Today I am supposed to write three times I did something I didn’t want to do; or didn’t do something I did want to do; for fear of rejection.
My reaction to this (as with the past two) is I don’t do that. I don’t feel that. It’s a sort of delusional denial.
They have to be earliest memories.
1. Hmmm blank. I never feared rejection from my family (parents or sister). Friends? Not really as early memories. First things that come to mind are around sex with boys. Occasionally, I went “futher” than I wanted to but I’m not sure it was fear of rejection and more so naivety and ignorance. Which I adjusted pretty quick.
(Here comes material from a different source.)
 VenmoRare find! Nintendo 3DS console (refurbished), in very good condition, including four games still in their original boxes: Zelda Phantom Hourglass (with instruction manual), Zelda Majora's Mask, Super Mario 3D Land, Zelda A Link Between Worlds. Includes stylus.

2. I can think of plenty of recent times when I have done something I didn’t want to do – including paying a hippy for a car accident, watching kids tv, helping with maths homework, working on a sunny day when I would rather be in bed with my fella. Although to be honest it still doesn’t feel like fear of rejection and more just “a responsibility”. I can also think of plenty of times I had to pass up something I wanted to do, but again, it is for reasons of common sense and responsibility rather than fear of rejection.
I suspect there is some denial around this fear because it’s drawing a lot of blanks and dollops of justification.
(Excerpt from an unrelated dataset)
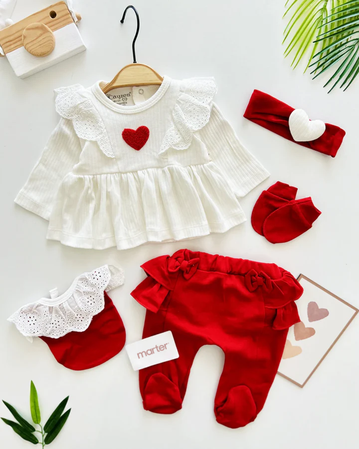 طقم جميل للبنات بالأحمر مزين بقلوب صغيرة

3. Here’s something that comes up: when I was 9 or 10 my parents sent me to a girls-only private school. Thanks, I was the poor kid surrounded by loads of rich girls that already knew each other. To make it more torturous, they (my folks) bought me the wrong school uniform. I used to like reading these “choose your own adventure books”, and I had them all piled on my desk. Some of the other girls used to tease (reject) me. I thought about it and I did feel isolated and rejected. It was a theme that followed me for a few years after, through school. I was always circunstantally friendless (the new girl); probably a bit odd; and socially unhappy. I didn’t fear rejection I just was rejected and I didn’t really know any different. Huh.